Why my numba+numpy implementation is faster than c+cffi?

Hi Everyone,
I am currently working on an image processing code for a project which was previously written in C and executed in Python using cffi. My implementation uses numba+numpy and I am surprised to find it 4x faster than the current C + cffi execution.
I previously encountered similar behaviour when a numba+numpy kmeans implementation was a bit faster than scikit-learn kmeans which I did not pay much heed to as my implementation was not exactly the same.
Can someone guide me in this regard as I am unable to explain how this implementation is faster than the C one. Here are some questions which are currently going through my mind:

  • Is it theoretically possible than numba+numpy implementation is faster than the corresponding C/C++ codes?
  • Is it something to do with llvmlite?
  • Is there some overhead due to the foreign function interface which can lead to this execution difference?

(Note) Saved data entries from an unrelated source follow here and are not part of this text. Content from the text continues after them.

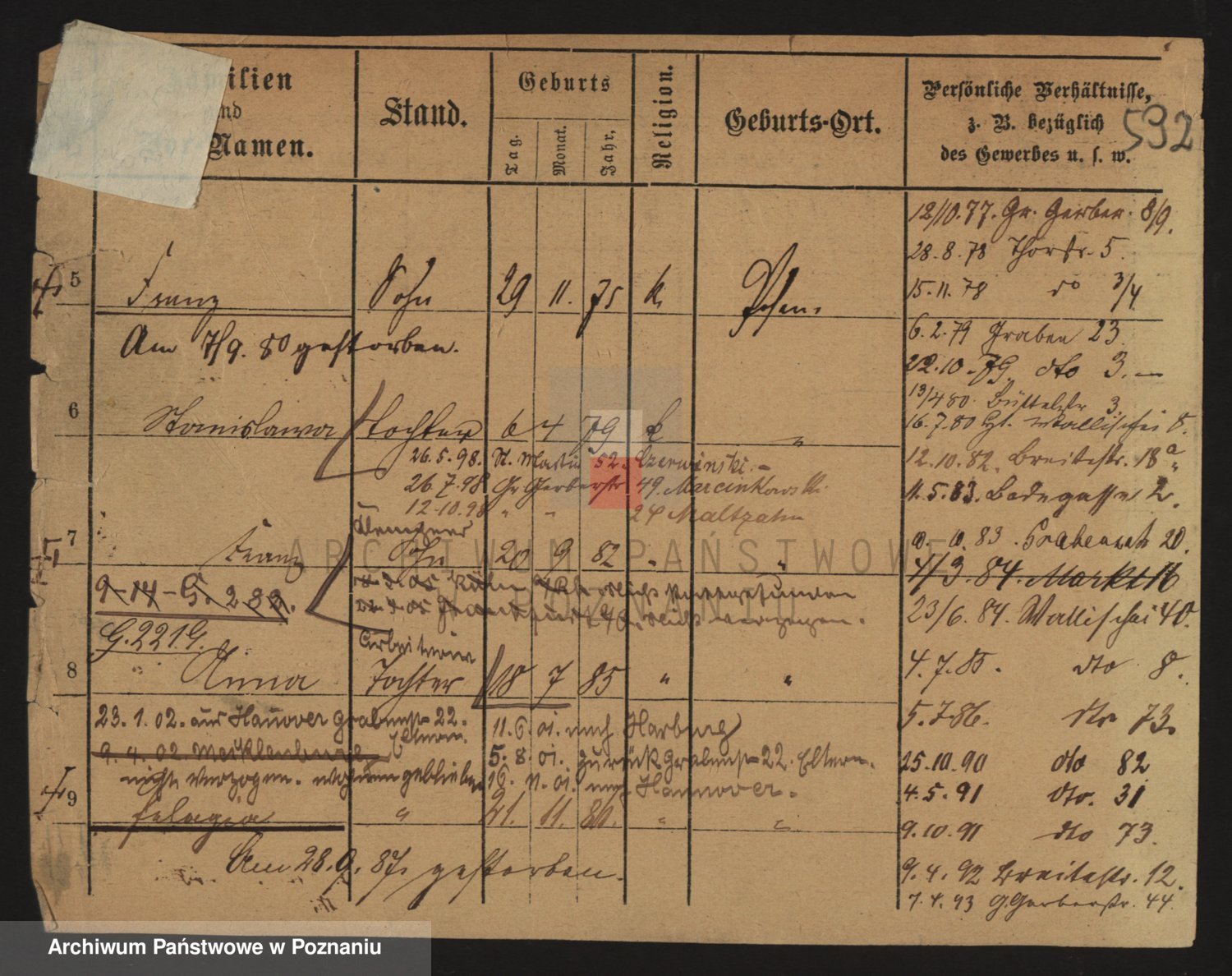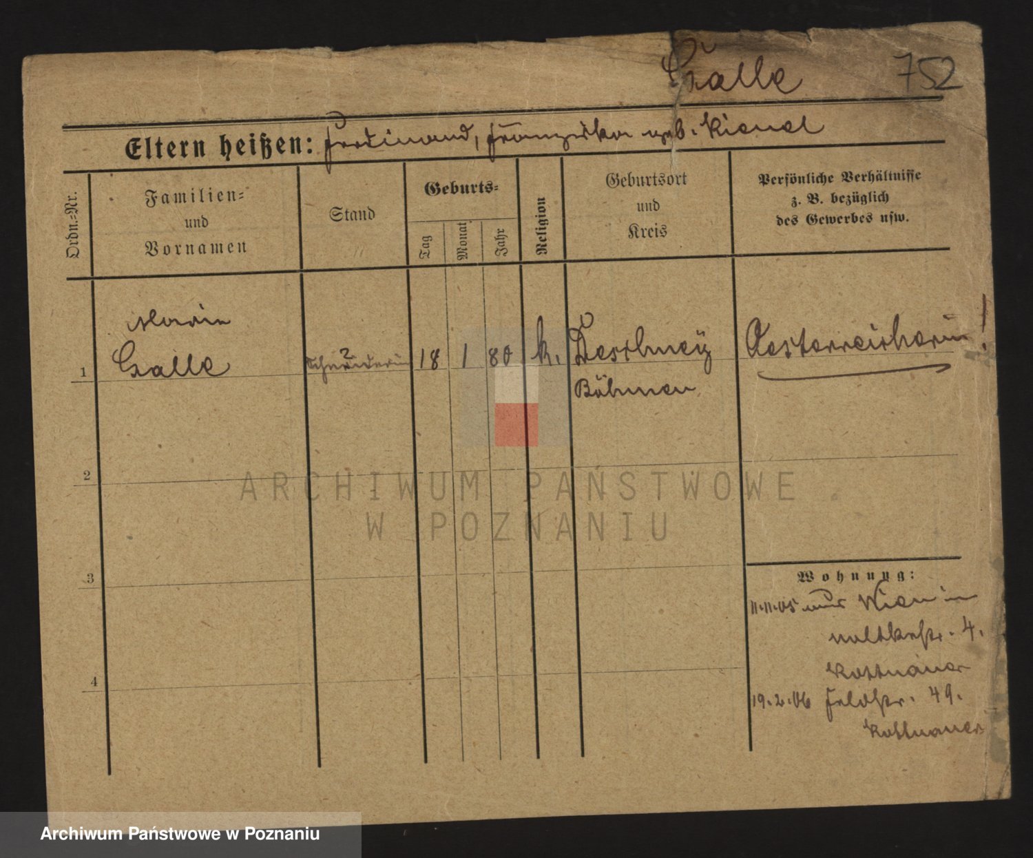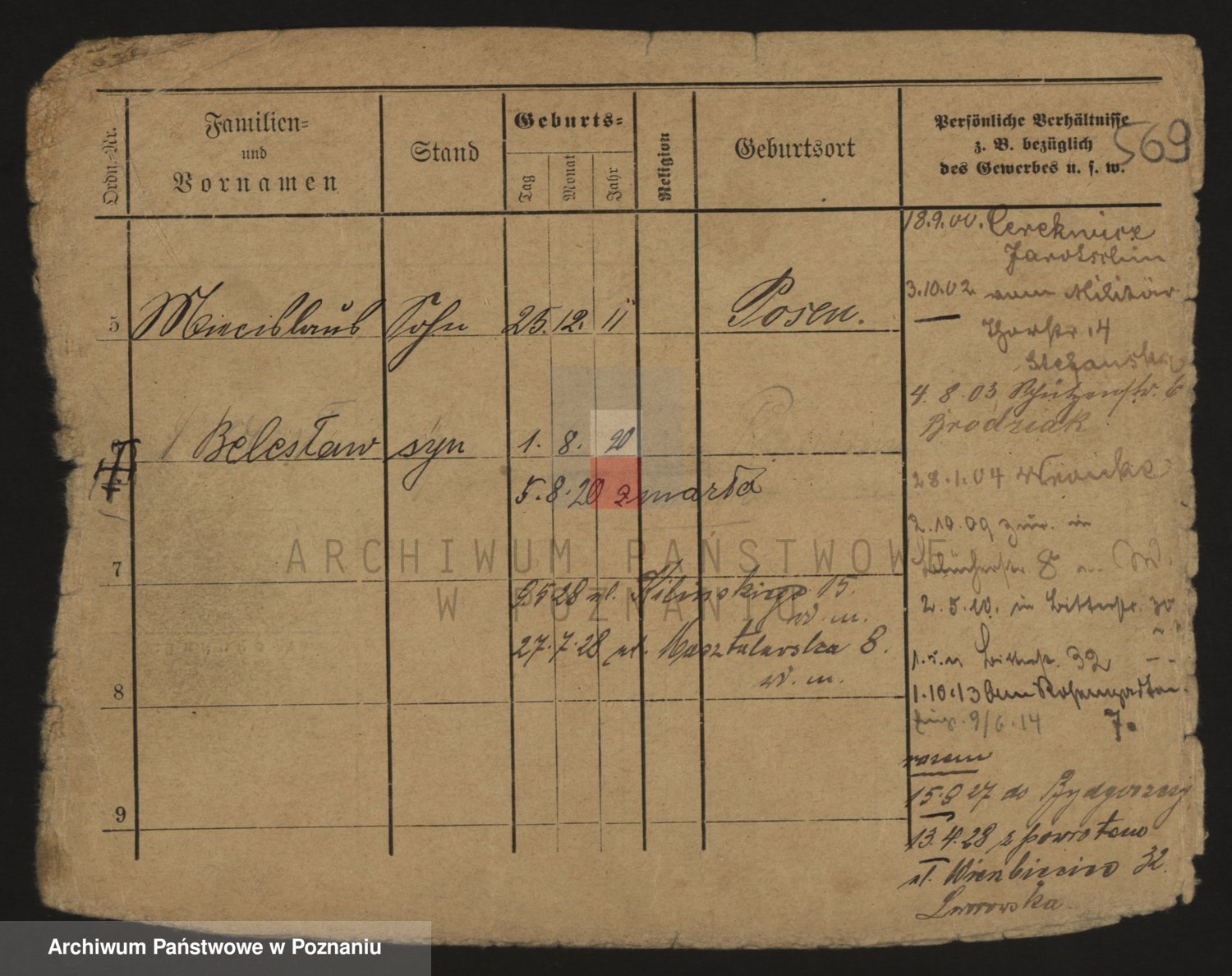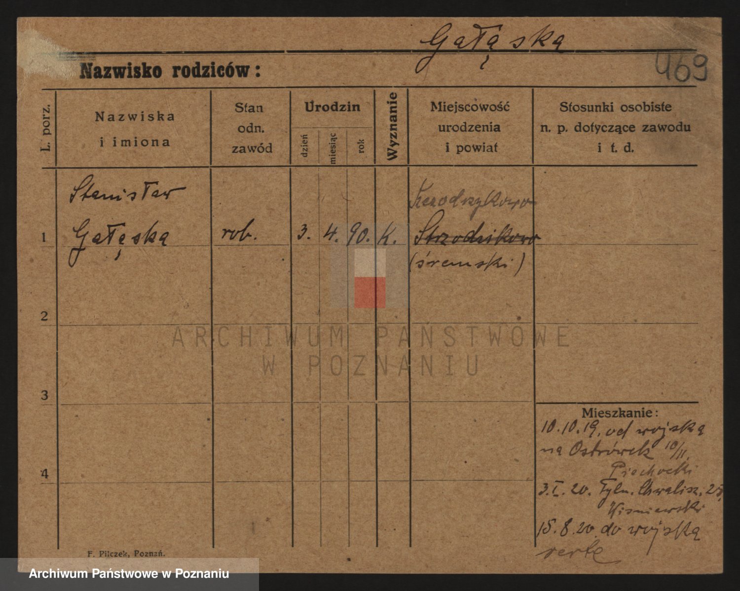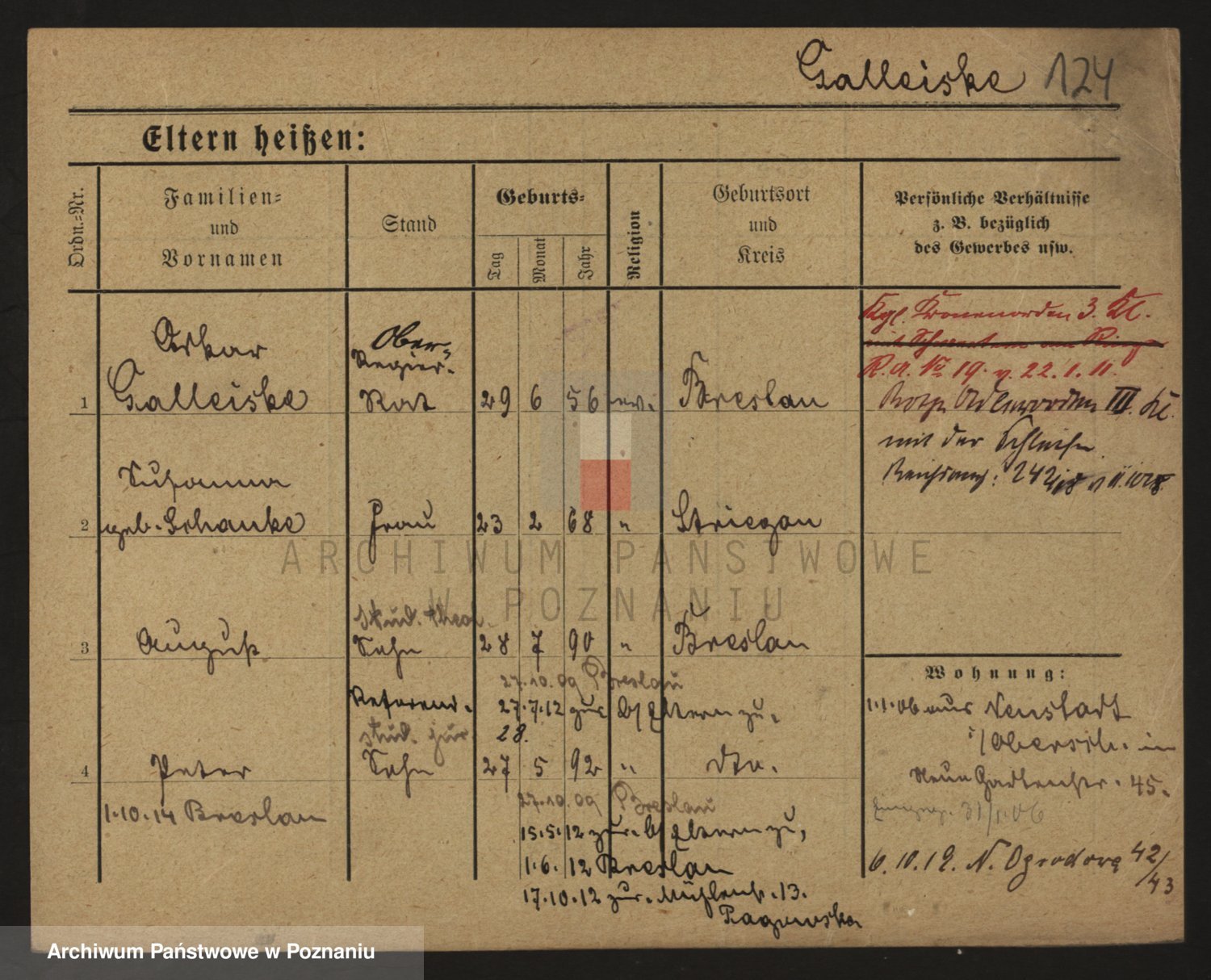 Podgląd karty osobowej dostępny jest po kliknięciu na nazwisko lub ikonkę karty. Można dokonywać powiększenia (ikony na górze) lub przechodzić między kolejnymi skanami (strzałki po bokach).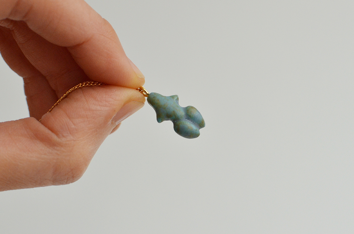 Le pendentif est façonné manuellement dans mon atelier. L'élément en porcelaine est cuit à deux reprises (jusqu'à 1240°), et émaillé pour résister aux salissures.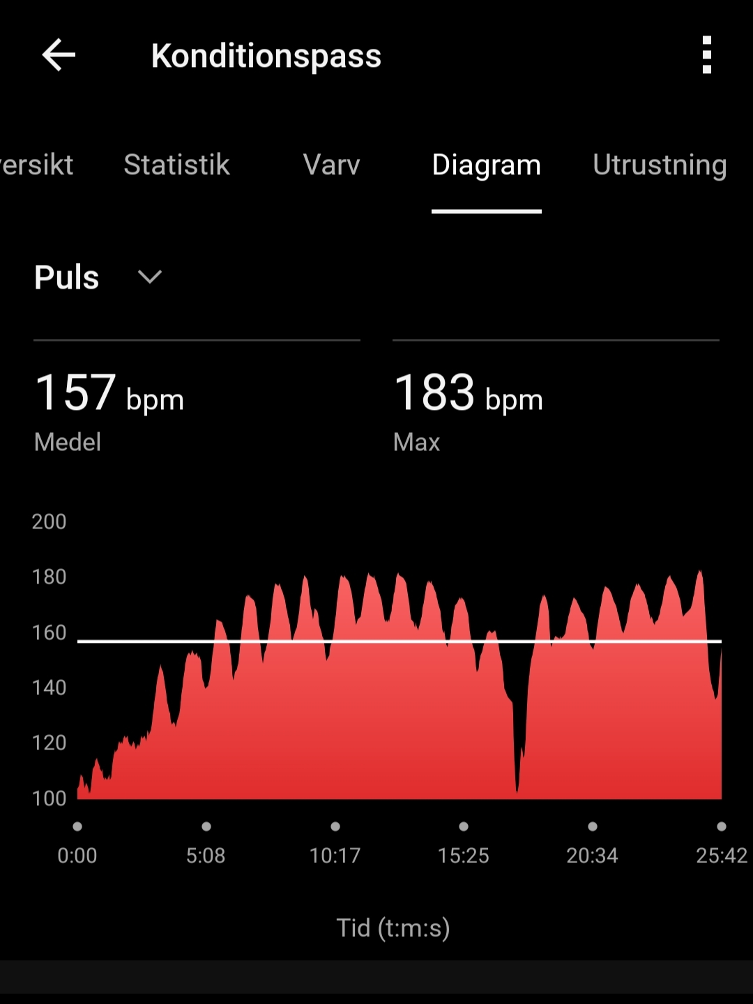 Trappade upp hastigheten på löpbandet för varje intervall. Och sedan jobbade jag mig successivt neråt igen, som i en pyramid. Fanns inget egentligt syfte med det, förutom att det fick mitt psyke att orka med det hela eftersom att det blir lättare & lättare på slutet, haha.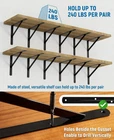 Inch Shelf Brackets & Supports, Large Wall Brackets for Garage Storage, Heavy Duty Shelf Support Angle Brackets, 90 Degree Triangle L Brackets, 8 Pack PERFECT FIT: This L shelf brackets fit the nominal ” - 22” deep lumber board, measure ” x 11-3/4” x 1” HIGH QUALITY: Unlike the normal painting material, power frosted black coating ensure its rust-resistance and anti-coating off HEAVY DUTY: Each heavy duty steel shelf bracket with upgrade quality screws carry up to 130lb, enough for daily use (260lb per pair) ALL-MATCH STYLE: Maximize space with with style. Fit for the kitchen, bathroom, bedroom, office & more. MAKE IT EASY: We provide installation manual and offer 90 days no reason satisfaction or offer new free SATISFACTION GUARANTEEd
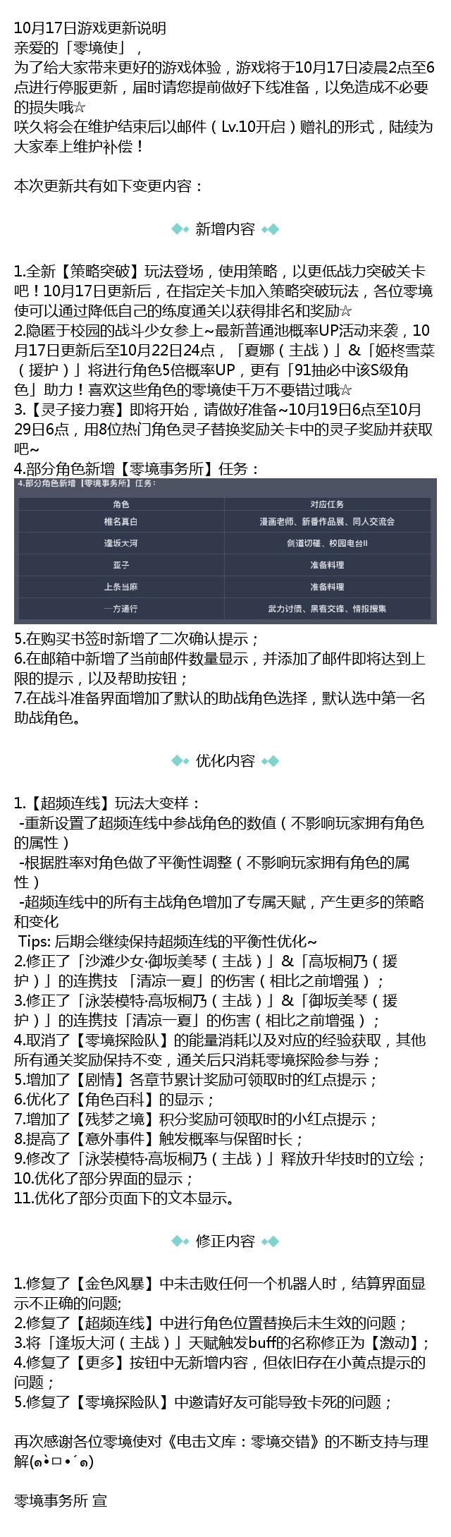 维护用时可能会根据实际情况有所调整,请各位零境使留意后续官方公告~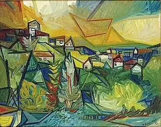 After the war, In 1929, Karl would eventually be reunited with his father Willie, who had saved enough money to send for Karl. They had limited contact between each other due to Willie's illness. Karl would join his father at the Schmidt Lithograph and work there. Five years later, Karl would marry a woman called Naomi Pratt and would eventually have a son named Nicholas. Karl was eventually fired from his job due to his pro-union beliefs, which left him the chance to pursue his most important option in his career; to work for the WPA as an easel painter. In 1936 the WPA employed Karl Baumann as an easel painter. Due to his environment which consisted of being surrounded by artists, Baumann invested all of his energy to his paintings and began to explore nature more. Baumann began to change his painting style as well. In 1940, Baumann won a competition in the U.S. Maritime Commission for one of his art panels. He exhibited his works at the Golden Gate International Exposition, the Palace of the Legion of Honor, the San Francisco Museum of Modern Art, and the Metropolitan Museum of Art in New York City.[5] He began to gain a reputation as a leading Californian Abstract Expressionist. Near the late 1940s, Baumann became highly respected in the Bay Area, specifically in the art community. He was hired in 1947 by the California College of the Arts and Crafts as a professor of painting, and also taught for a time at the San Francisco Museum of Modern Art.[6] Baumann was somewhat neutral about his impact on his students despite many of his students being influenced by him and some were inspired. It is noted that Baumann's early works are in the style of German Expressionists, before his later works became more abstract.

I shall be grateful if someone can thrown some light on this matter.

Thanks and Regards,
Ankit

hi, interesting question!

a few things off the top of my head:

  • if you completely re-wrote the code, I think it’s easy to introduce differences that generate better performance.
  • depending how you call the code, you might be going through python and adding some overhead (I don’t know much about cffi though)
  • many C compilers set the default to -O0, while Numba’s default is -O3. If the C code was not compiled with optimizations enabled, it can be many times slower.
  • jit compilers like numba get very specific information about the objects they work with, and in some cases can use this information to generate more efficient code. Think of the difference between std::vector (variable size) and std::array (fixed size). Or between n-D arrays, and 2-d arrays. Code that can support n-D arrays is more general and less efficient that code that only supports 2-d arrays. Numba compiles functions for the exact number of dimensions of the inputs, so it can be more efficient in some cases. In other cases, the time spent in additional compilations might not pay off, and the generic code is faster than the specific code once compilation time is taken into account.

Without seeing the code it is impossible to say what the reason is, and even with the code it can be very hard. But I’m guessing you don’t care about the exact reasons, and more about potential reasons why this is happening.

Luk

1 Like

Hi Luk,

Thanks for your answer. Really appreciate some of the insights you have put forward.

Regards,
Ankit